TASK GOAL: An exact transcript is required of the lines below, from the one containing "圖為煤制油煤液化生產中心員工在頂峰除雪保安全。" through the very last; leave every picture out of it.

=== Begin Enclosure ===

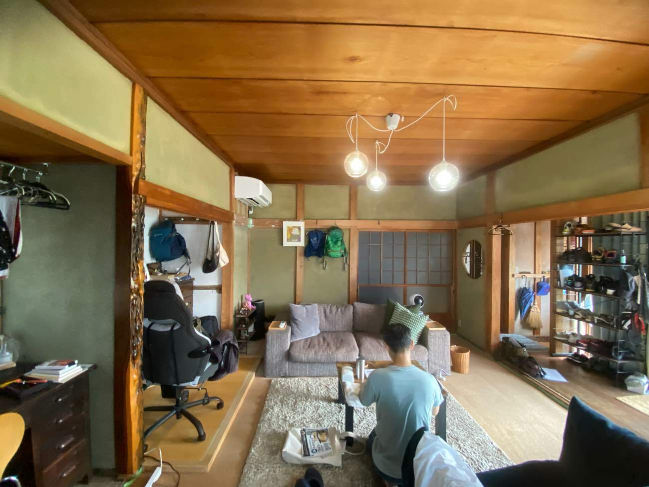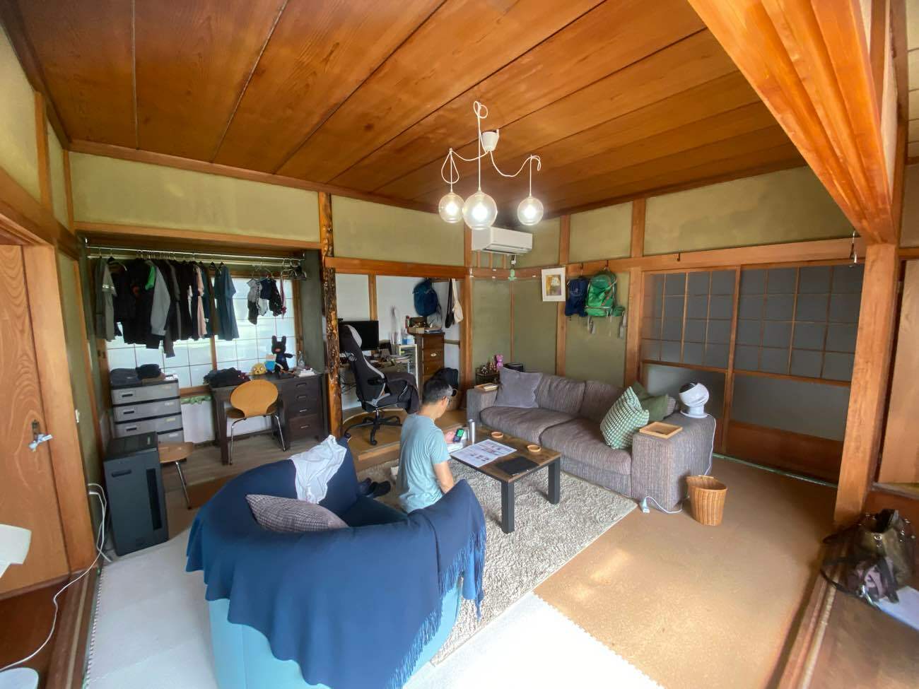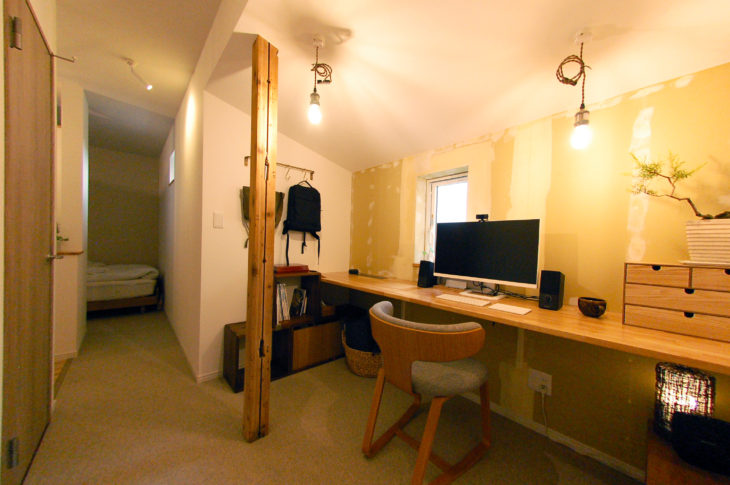 襖が取り払ってあり明るく、広々した印象の居間。押入れを活用したワーキング スペースが設置されていました。
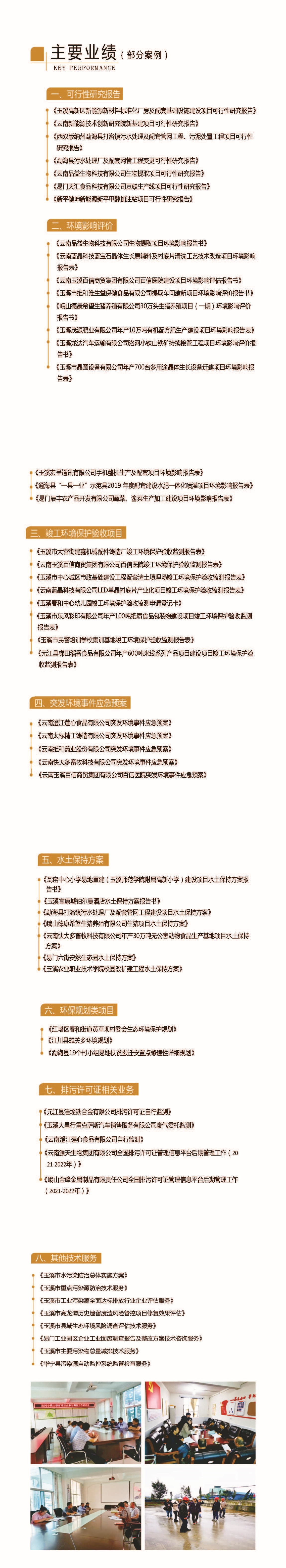 公司可承接農(nóng)村環(huán)境綜合治理、環(huán)境規(guī)劃、環(huán)境工程設(shè)計(jì)、環(huán)境影響評價(jià)、突發(fā)環(huán)境事件應(yīng)急預(yù)案、水土保持報(bào)告等方案的編制;排污許可證填報(bào)及管理;污染減排技術(shù)服務(wù)、環(huán)保管家等各項(xiàng)業(yè)務(wù)。項(xiàng)目覆蓋范圍廣,公司成立至今已承接過數(shù)百項(xiàng)環(huán)保技術(shù)咨詢服務(wù)項(xiàng)目,咨詢經(jīng)驗(yàn)豐富,環(huán)保技術(shù)人才團(tuán)隊(duì)實(shí)力強(qiáng)大。
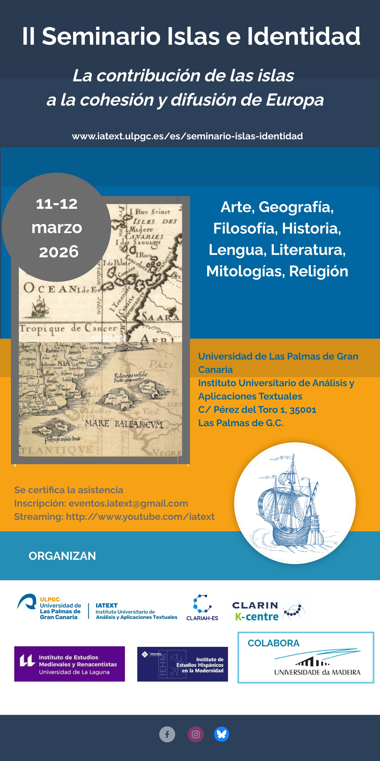 Del 11 al 12 de marzo de 2026 se celebrará en el Campus del Obelisco de la Universidad de Las Palmas de Gran Canaria el II Seminario Islas e Identidad: la contribución de las islas a la cohesión y difusión de Europa, organizado por el Instituto Universitario de Análisis y Aplicaciones Textuales de la Universidad de Las Palmas de Gran Canaria, el Instituto Universitario de Estudios Medievales y Renacentistas de la Universidad de La Laguna y el Instituto Universitario de Estudios Hispánicos de la Modernidad de la Universitat de les Illes Balears con la colaboración de la Universidade de Madeira.
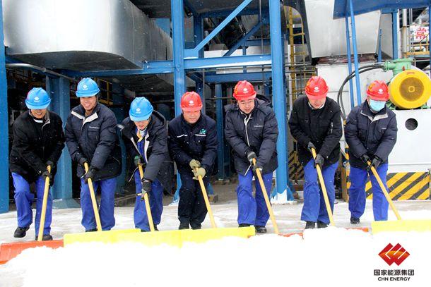 圖為煤制油煤液化生產中心員工在頂峰除雪保安全。
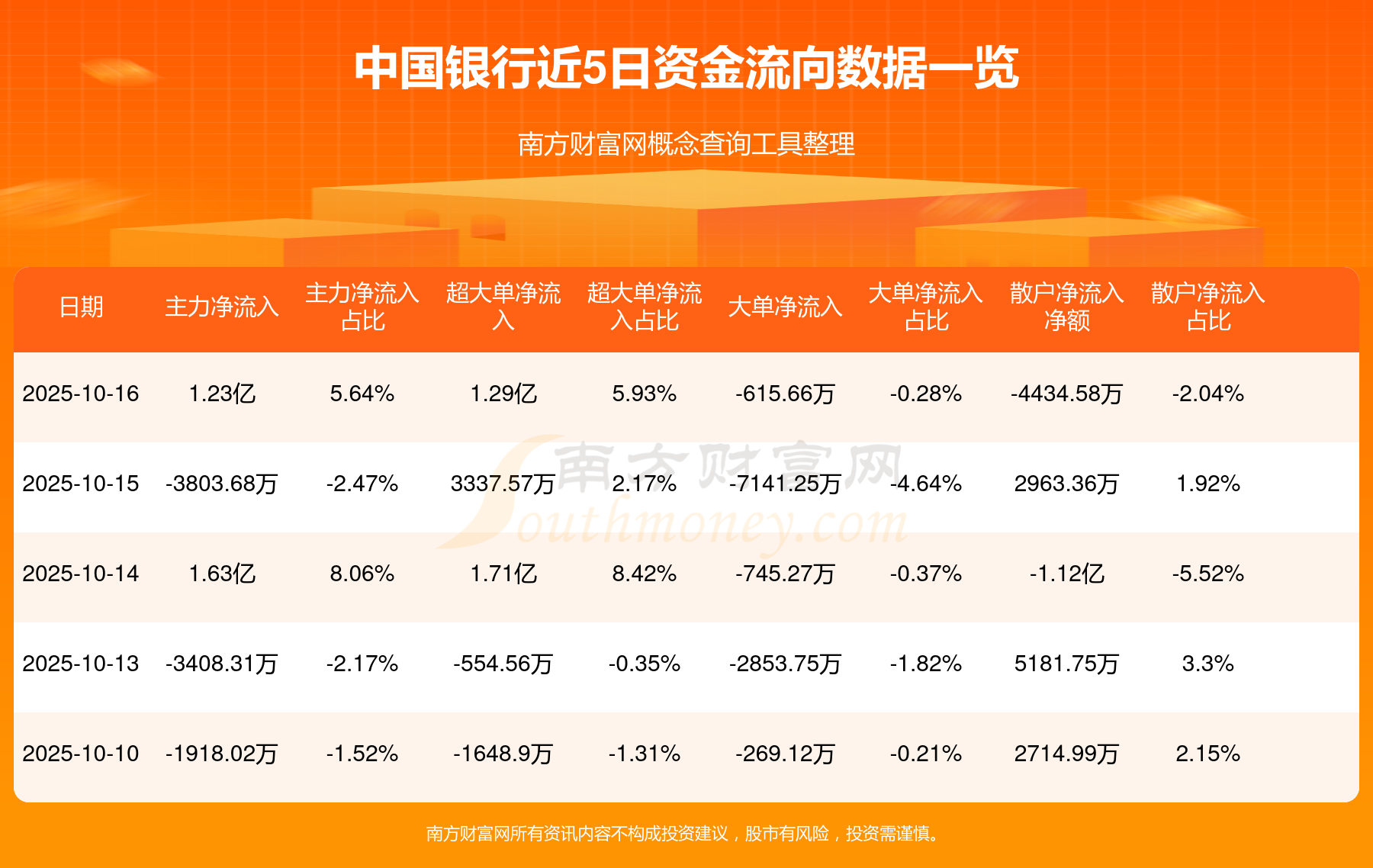10月16日该股主力净入1.23亿元,其中资金流入方面:超大单净入6.66亿元,大单净入6.15亿元,中单净入4.89亿元,散户净入3.67亿元;资金流出方面:超大单净出5.37亿元,大单净出6.21亿元,中单净出5.67亿元,散户净出4.11亿元。

=== End Enclosure ===

ANSWER SPACE:
 圖為煤制油煤液化生產中心員工在頂峰除雪保安全。
10月16日该股主力净入1.23亿元,其中资金流入方面:超大单净入6.66亿元,大单净入6.15亿元,中单净入4.89亿元,散户净入3.67亿元;资金流出方面:超大单净出5.37亿元,大单净出6.21亿元,中单净出5.67亿元,散户净出4.11亿元。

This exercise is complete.